I honestly don't remember ever thinking much about the word 'feminism' during my years at school. I knew I believed in 'equal rights' for women in terms of politics and education but I don't believe I was ever exposed to much which made me think about the sort of issues that affect us as women. I had a pretty quiet, sheltered childhood - I was very bookish and introverted and so were most of my friends. I stayed in every evening and got my homework done. My life revolved around getting good grades, orchestra and choir, whatever bands I was into, teenage friendship dramas. I had all sorts of privileges that I didn't even think about - being white, middle-class, straight, living in a stable home with both parents (who both worked). Nothing you could write a misery memoir about. I don't ever remember anyone I knew talking about feminism - none of my friends were interested in politics or activism.

If you'd asked me, as a teenager, about women and equality, I would have said that we'd achieved it. But then I'd never had a relationship, hadn't entered the world of work, didn't really have more than a couple of male friends if I'm honest. I remember studying women's struggle for enfranchisement in A-Level history and being quite affected by it in the sense that I realised how important it was - and how important the women's rights movement in general has been, but I don't remember dwelling on it that much or feeling that it still had relevance today.

And so I went off to university. Well-meaning and encouraging relatives told me that I'd meet 'loads of like-minded people' at university and that it would be 'much better than school' in that respect because people would be 'more mature' and 'have different interests'. As every single one of you who's ever been a fresher knows, that's not necessarily the case. I remained introverted and socially anxious - living in halls seemed like one big popularity contest sometimes and those who talked loudest, partied hardest and looked conventionally attractive came out on top.
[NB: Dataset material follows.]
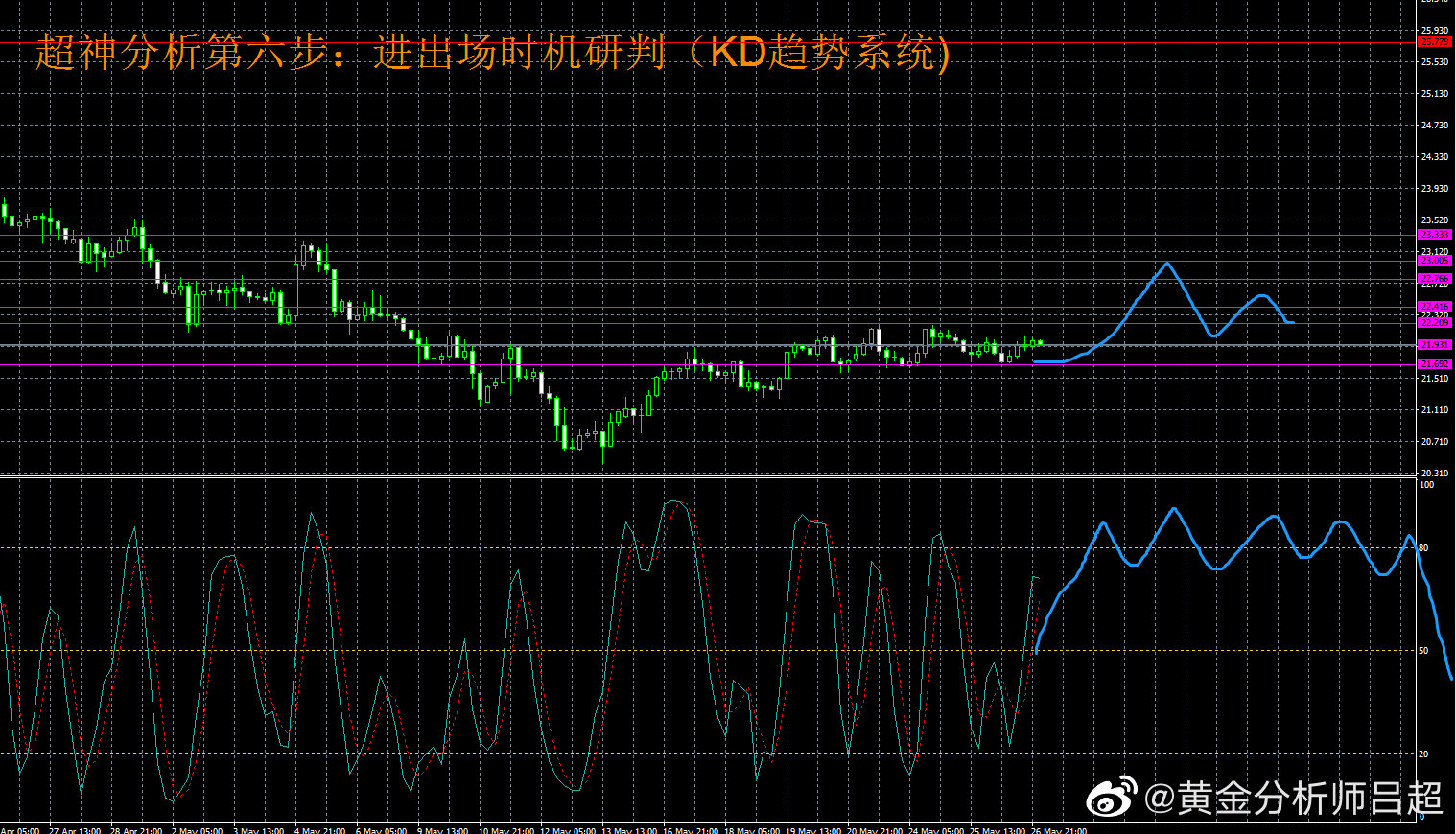 3.时机分析。4小时kd曲线昨日在20刻度获得支撑效果,现在处于回升状态,有望探至80刻度以上。银价一旦打破震荡格局,则有望展开长足的上涨。

It became noticeable that so much casual misogyny was bandied about. Bottom line - if you weren't considered 'fit', you weren't worth much. Events put on at the union, contests and parties did nothing to dispel this. We had beauty contests, Playboy-themed events, constant pressure on women to take their clothes off to win drinks or prizes.

I don't think it hit me entirely until I'd spent a few weekends visiting my boyfriend, then a fresher at a different university. He was also in halls and lived on a corridor with a big group of guys who were mostly single. Many of them made it quite clear that they considered me a hindrance to his university experience, to the extent that they encouraged him to get rid of me so he too could play the field at the union every Friday night. To top it off they were big fans of porn and lads' mags. Every time I visited Luke I would pick up his student magazine and was often speechless at the misogyny I encountered. The university hosted events put on by Nuts and FHM at a time when some stories about 'raunch culture' (as it came to be known) and the impact of lads' mags on women were starting to appear in the news.
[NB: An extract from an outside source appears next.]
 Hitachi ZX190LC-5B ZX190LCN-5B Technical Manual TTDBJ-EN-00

I despised how this culture made me feel as a woman. I knew I was worth much more than how many boxes I ticked on the list of 'conventionally attractive attributes' and how many men wanted to have sex with me. It depressed me that so many people, male and female, were clamouring to be a part of a culture that encourages women to do all they can in a neverending quest to appeal to men yet berates them for what they wear, how much they drink and how they behave if they become the victim of sexual assault or rape. I met people whose low self-worth and experiences with men had caused them a whole lot of pain and I started to see how these things all tied together. My self-esteem was at rock-bottom when I started looking at websites such as About-Face and One Angry Girl. I was reading about advertising, eating disorders, empowerment, exploitation and a lot of anti-porn resources. All of a sudden - in the summer of 2004 - my personal journal was crammed with rants about objectification, lads' mags and the beauty industry. I was reading stuff written by women who called themselves feminists and realising that I was one too.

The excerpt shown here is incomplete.